Behavior shield that Avast 5 has is for zero day protection and is NOT a classic HIPS. It is a specific type of behavior blocker for zero day malware so you can still use a BROADER based behavior blocker along with Avast behavior shield.
You can certainly use a classic HIPS along with an antivirus program. I've used several different antivirus programs with ProcessGuard since I got it end of 2004 I think it was when it was the groundbreaking application and first of its type. Currently, I have Avast 5 (free version) and Online Armor working together just fine on Vista Ultimate 32 bit. Online Armour has a firewall which I am not using. In fact, the only part of Online Armour I am using is the HIPS. You would need to NOT use any antivirus that might be a part of a program like Online Armor that has a classic HIPS because you don't want to run two realtime antivirus scanners as they will conflict with each other and actually give LESS protection because of conflicts. So, you would need to turn off any antivirus in a program that you were using for HIPS. With behavior blockers like Threatfire, etc those generally don't have antivirus programs, or firewalls, included so they can be used without turning parts of them off with an antivirus program.
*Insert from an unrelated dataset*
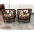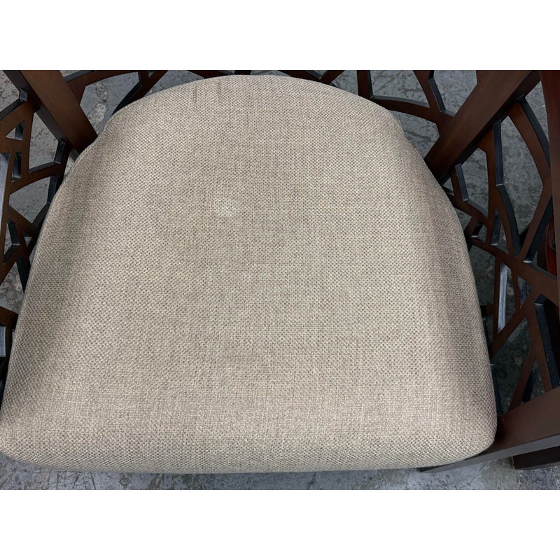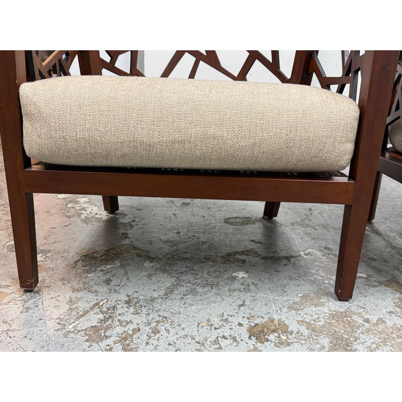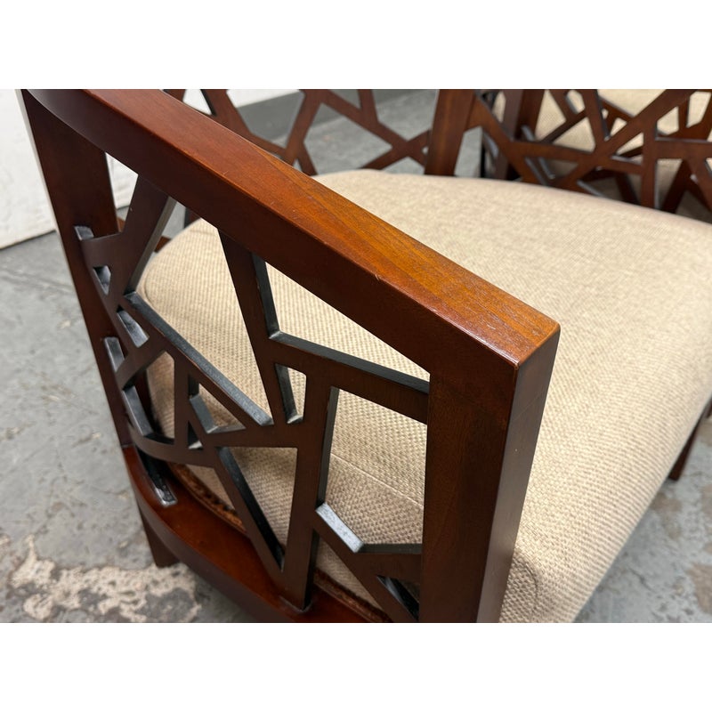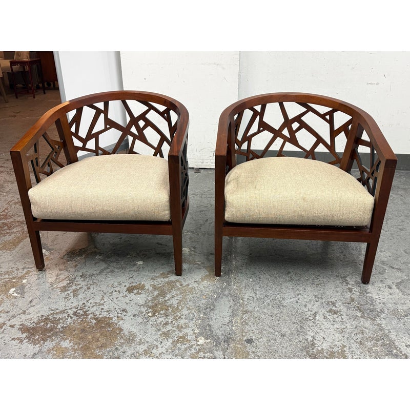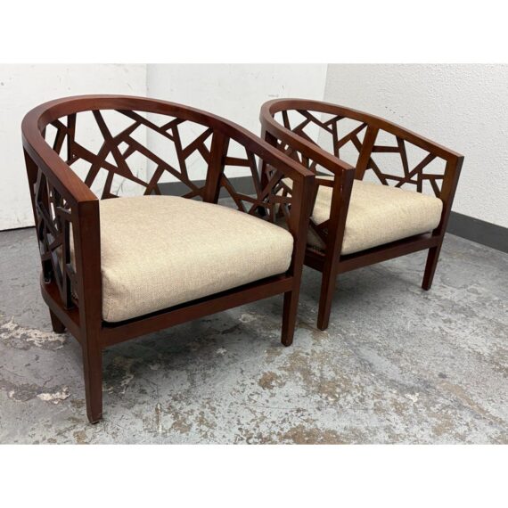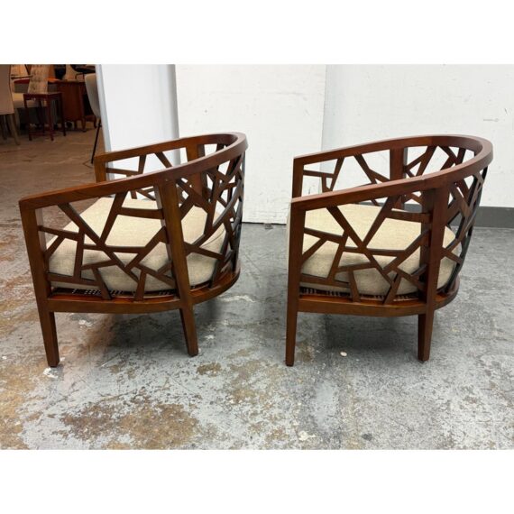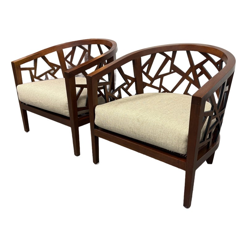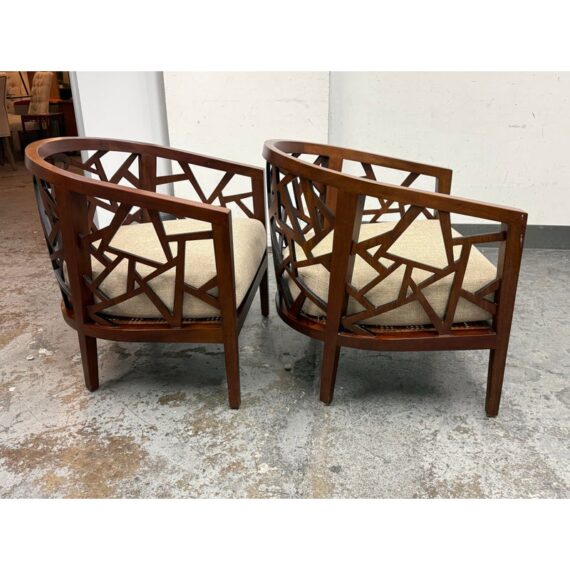 Design Plus Gallery presents a Pair of Ankara Chairs from Crate & Barrel. The chairs were designed to be appreciated from every angle. They offer an intricate open curve of hand-cut and hand-pieced hardwood that opens up to an artistic and architectural 360-degree view in the living room. The chair’s geometric barrel design is inspired by Indonesian mosaics and handcrafted by the island’s skilled artisans of solid ash with a walnut finish. Their handwoven tropical cane seats hosts a comfortable thick seat cushion, upholstered in a heavyweight blend of rayon, flax, and cotton that yields slight luster. This style of chair is no longer in production with the brand. Visible wear to the cushions is present but overall they are in good condition for their usage.

Some antivirus programs do not get along with some behavior blockers so make sure you try one that is compatible with Avast. Avira, for instance, will be stating in version 10 during installation that Spybot's Teatimer should be uninstalled. They don't get along.
Spyware Terminator doesn't even know what an HIPS is. They are using the definition of a zero day blocker and calling that a classic HIPS. I'd stay away from them. WinPatrol (free version) I also have on Vista. It is quite good for what it does, but it is too limited in the sense of the ones I have mentioned here as full comprehensive HIPS programs. I have not used MJS Registry Watcher. It appears very useful but again not comprehensive although far better than Spyware Terminator. It would be easier to learn to use than a full classic HIPS and along with Avast would be a good combination if the user doesn't want to mess with learning a classic HIPS. You could use a behavior blocker along with MJS Registry Watcher and Avast.
I can't find my links right now, but if you go to Wilders Security forums and search for Classic HIPS you will find a lot of good threads.